The electricals were the worse part of those tractors , but if maintained they seem to run forever and easy to repair in the field.

This is the main reason why they are so disliked every where, but the new ones are a lot lot better and on the used market they can be real bargoons because of that reputation which now I'm not so sure they deserve now.


----------



## Ox76 (Oct 22, 2018)

Kind of like Zetor tractors. They make, or made, tractors for John Deere that I know of for sure. Lots of folks buying the medium size John Deere machines and think they're getting an actual John Deere would be surprised to find out they just paid premium for a Zetor! Funny stuff.

I have a Zetor 5211. Great little economical, heavy grunt of a machine. No regrets. It'll put out 50 hp at around 2.5 gallons per hour. Strange way of doing the live PTO with a hand clutch, but works great, and using this feature actually disengages the hydraulic pump (which runs in gear oil!) for cold starts. Makes a huge difference in cold starting.


----------



## Farmer680 (Dec 8, 2013)

Hi the Belarus is extremely reliable once it's running but just getting it to turn over fast enough is the problem


----------



## Farmer680 (Dec 8, 2013)

Whats a reduction geared starter


----------



## Farmer680 (Dec 8, 2013)

endrow said:


> Aplenty


thank you much appreciated


----------



## bool (Mar 14, 2016)

Farmer680 said:


> Whats a reduction geared starter


A starter motor with a reduction gear in it. Electric motor spins faster. Grunty, reliable. Expensive but you get what you pay for,

Roger


----------



## mlappin (Jun 25, 2009)

Gear reduction starter made all the difference in how our 1600 Oliver starts, old indirect injection engine weren't fond of the cold.


----------



## Ox76 (Oct 22, 2018)

mlappin said:


> Gear reduction starter made all the difference in how our 1600 Oliver starts, old indirect injection engine weren't fond of the cold.

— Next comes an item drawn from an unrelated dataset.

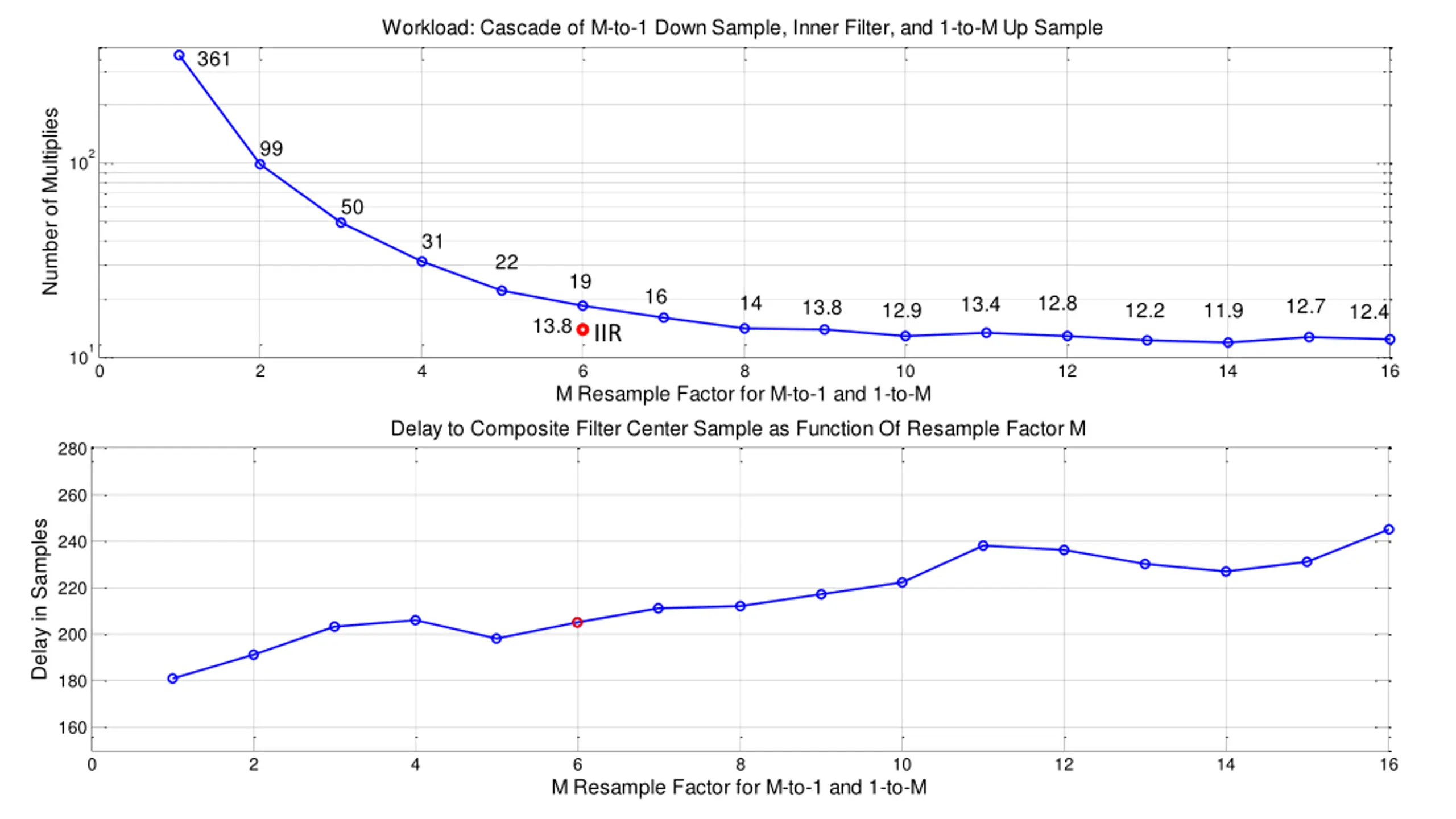 Workload: Cascade of M-to-1 Down Sample, Inner Filter, and 1-to-M Up Sample 361 Number of Multiplies 99 2 10 50 31 22 19 16 14 12.8 13.4 12.7 13.8 12.9 12.2 11.9 12.4 13.8 IIR 1 10 0 2 4 6 8 10 12 14 16 M Resample Factor for M-to-1 and 1-to-M Delay to Composite Filter Center Sample as Function Of Resample Factor M 280 260 Delay in Samples 240 220 200 180 160 0 2 4 6 8 10 12 14 16 M Resample Factor for M-to-1 and 1-to-M

You said a mouthful there. I've got a 1964 Oliver 1600 industrial with Parsons loader and backhoe, and of course she's the indirect injection 265 Waukesha. I rebuilt it years ago and it's only got maybe 500 hours on it since and it helped with the starting, but still don't like much below 25 F or so. Cold weather is not our friend. But efficiency is! And the ability to burn sub-par fuels is in our wheelhouse too, if needed. I need to get the gear reduction starter one of these days....I had the original one rebuilt.


----------